Boil 10 new potatoes until tender to the tip of a knife about 8-10 minutes depending on size.
Let them cool and peel off the skins, these should rub off with using your thumb.  Cut into bite size pieces and place in a serving dish.
Wash and finely slice 10 radishes and half a cucumber(skin on), set aside and make the mint vinagrette.
You will need:

2 garlic cloves, sliced
1/2 tsp sea salt
1/2 tsp Dijon mustard
1 tblsp white wine vinegar
8 mint leaves, finely chopped
5 tblsps extra virgin olive oil
1 tblsp mayonnaise

With a pestle and mortar, crush the garlic with salt until it is pulp.  Add white wine vinegar and dijon mustard and mix together with a spoon.  Slowly add the olive oil, whisking as you go.  Finally stir in the chopped mint leaves and add 1 tsp of mayonnaise and whisk until it is combined.

Pour over the cold potatoes.  Add the radish and cucumber and mix gently together with two spoons until everything is coated in the delicious minty vinagrette.
Serve sprinkled with some shredded mint.  Light, tasty and bursting with fresh spring flavours.

This great little salad makes an excellent side dish for simply cooked white fish and it is very versatile in terms of possible experimental additions.  Add torn pieces of cooked chicken and a soft boiled egg for a more substantial meal or, as you see above, we ate it with some Ardsallagh goats cheese which was amazing.  The bright radish skins make a great colour contrast against the waxy yellowish new pototoes flecked with (my very precious) fresh green spring mint - looks and tastes really good.

Sunday, April 25, 2010

scotch eggs for a family picnic

There was a definite, identifiable warmth in the balmy air this little potatoes have unfurled their first leaves which makes me as nervous as a new mother.

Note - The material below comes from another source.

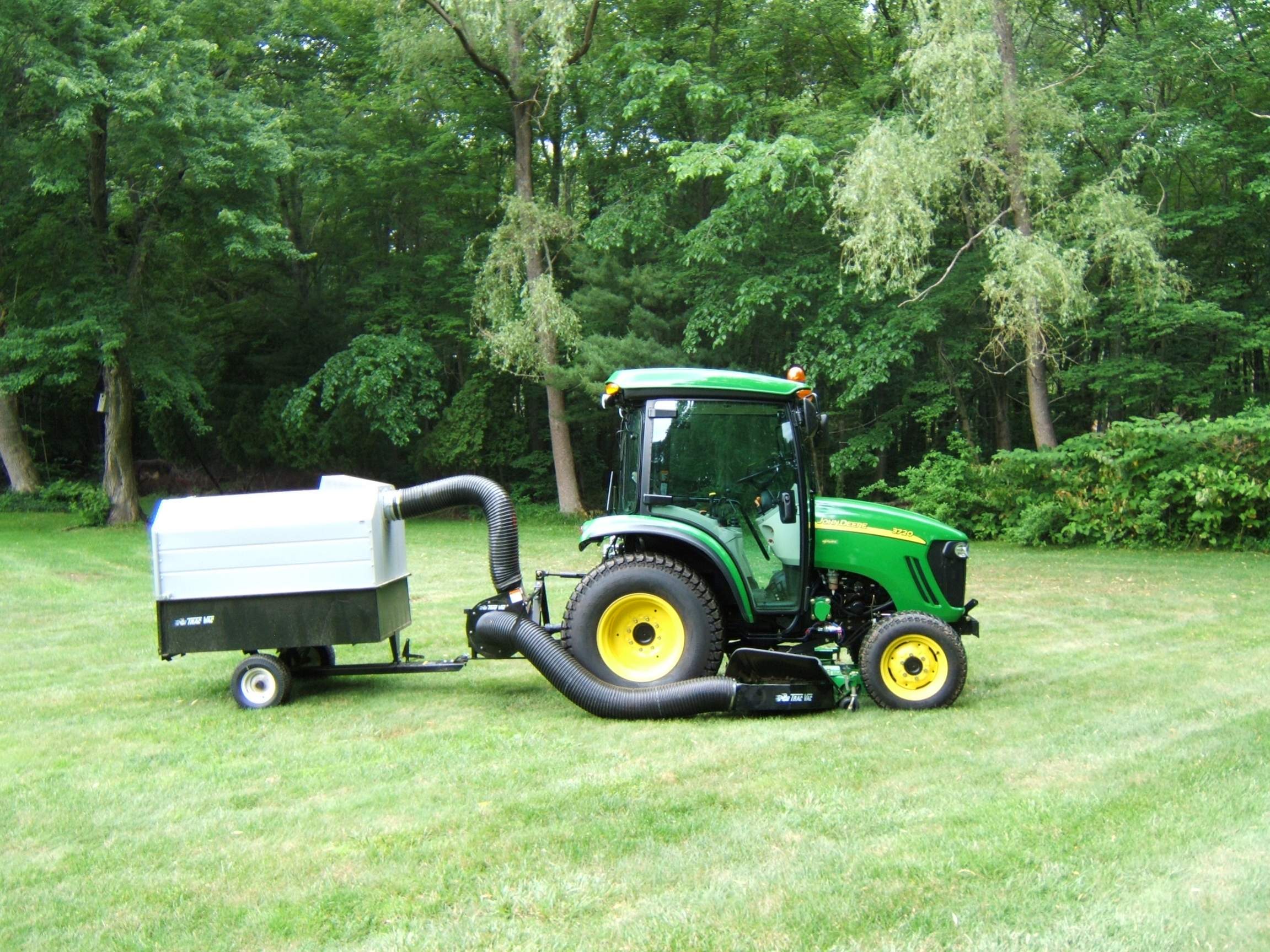 The task for the John Deere 3720 cab with 72in mid-mount mower would be to mow around the three ponds (1.5 acre, 1+ acre and 0.5 acre). Also I would order a PTO driven leaf blower to get the leaves away from the ponds.

How do I look after them? How do I protect them from those evil snails? I am not sure if snails like potatoes, but I do know that they have a penchant for mint. Upon inspection of my small slip of a crop this morning, I discovered that my poor plant had been attacked by not just one snail, but no less than six! I removed a family of them from the plant pot ... its me against the snails at the minute, and if I catch them near my little darling potatoes, it will be war!

After getting upset about the mint, I finally got myself together to make another batch of scotch eggs. I say another batch because the first batch I made lasted about ten minutes. No-one in our house had eaten a scotch egg for a decade at least, some never at all ... ten minutes later all six of them were gone. Cool Hand Luke once ate 50 eggs ... I bet he could have eaten more of these!

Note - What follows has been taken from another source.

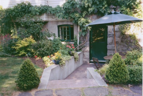 Later, we took the ferry over to Vancouver Island, then drove down to Victoria, site of mile 0 on the Trans-Canada highway. In Victoria, we stayed in the Prior House, another excellent B&B. This photo shows the entrance to our garden room there, the Hobbit room.

So picnic preparations had to begin again in earnest. Thankfully these are really easy and delightfully satisfying to make.

You will need, for a family sized picnic batch :

6 free range/organic eggs just under hard-boiled - about 8 minutes for a medium egg
8 (80% min.) pork sausages, skinned
75g slightly stale crusty white bread
25 g Parmesan cheese
2 tblsp of dried oregano, basil, tarragon
1 tsp smoked, sweet paprika

Boil the eggs for approx. 8 minutes until they just under hard-boiled.
Drain and replace the hot cooking water with fresh cold. This will reduce their temperature so that they are easy to handle and peel. Set aside.

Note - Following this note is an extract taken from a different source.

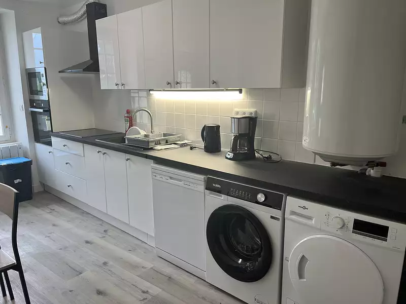 Chambre en colocation dans une maison de 93m2 !!!! Je vous propose 4 chambres de 15m2 chacune en colocation à Cergy village dans une maison pleine de charme totalement rénovée. Chacune des chambres dispose d'une salle d'eau avec wc, un placard avec penderie, un bureau et un support mural pour TV. Côté équipements, vous disposerez d'un lit en 140 x 200, d'un placard de rangement, d'un bureau. Pour les parties communes, seront à votre disposition, un séjour avec télévision, une cuisine équipée avec réfrigérateur, congélateur, four, four micro-ondes, plaque induction, lave linge un sèche linge, une cafetière et une bouilloire. Vaisselle et les différents ustensiles de cuisine vous permettront de préparer vos repas.En complément, un local à trottinettes sera à votre disposition dans la cour. Arrêt de bus à 20m, grandes écoles sur Cergy à 5min, gare RER à 10min, étangs de Cergy à 5min.Fibre installée.

Preheat the over to 200 degrees.

In a small blender, place small lumps of Parmesan, some slightly stale white bread (crusts too) and whizz until they are fine. Add the dried herbs and paprika and whizz until they are combined. You can also combine already prepared breadcrumbs and some finely grated Parmesan with the herbs and paprika. Place on a flat plate suitable for rolling the eggs. You can also leave out the breadcrumbs, however I like them and I don't.

Take each sausage and with a sharp knife, spilt it down the middle and ease out the meat into a bowl.
With wetted hands, take a plum-sized ball of sausage meat and press between your palms, squashing out the meat into a flat pancake. Take one hard-boiled egg and place it in the centre your sausaged-palm.
Wrap the egg with sausage meat until the egg is completely enveloped.
Obviously, the more sausage meat you add to the initial ball, the thicker the coating will be around the egg.

Make sure all cracks are covered and no egg is visible.

Roll it on the plate with the crumbs until all the sausage is covered. Place on an oven proof dish.
Repeat the process until all your eggs have been wrapped and rolled.

Place in the oven for 20 minutes or so until the outside is golden and crunchy.

Leave to cool and then enjoy.

These can be made the night before for a picnic but make sure they are completely cold before you wrap them and store them in the fridge - if they sweat, they will loose the lovely crispy crust.

There is something sublime about eating outdoors where space is not an issue and the children are free to run to and from the rug on the grass soaking up the warmth and enjoying the relaxed freedom of it all.
Eight friends, stretched out in Merrion Square in the sunshine enjoying Prosecco and scotch eggs discussing everything from pork pies, Cornish pasties and mushy peas to architecture, landscape and survival ... I conclude that without the scotch eggs, none of the rest of it is worth it!

Saturday, April 24, 2010

fish soup, or more politely, a bouillabaisse

I have made this fish soup so many times in differing ways that it sometimes starts life as a soup, then becomes a stew, or starts with the intention of being a stew and is then served as as soup.  I have seen the base stock served alone as a starter and the fish following or together, as you see it here. 
I will not pretend that this is true to the traditional French bouillabaisse recipe which I have eaten many times in France, but it is my version and I can vouch that it tastes great.  It is versatile and brings colour to any dinner table.
It is traditionally a fisherman's tea made with whatever fish is leftover from the catch at the end of the day.  So it can include anything from cod and conger eel, to ling and lobster.  The latter being the more luxurious and expensive - clearly it was not a good days trade! 
It is worth experimenting with the texture of varying fish, such as combining a firm fish like turbot and monkfish with a softer fish such as haddock or rouget (gurnard) .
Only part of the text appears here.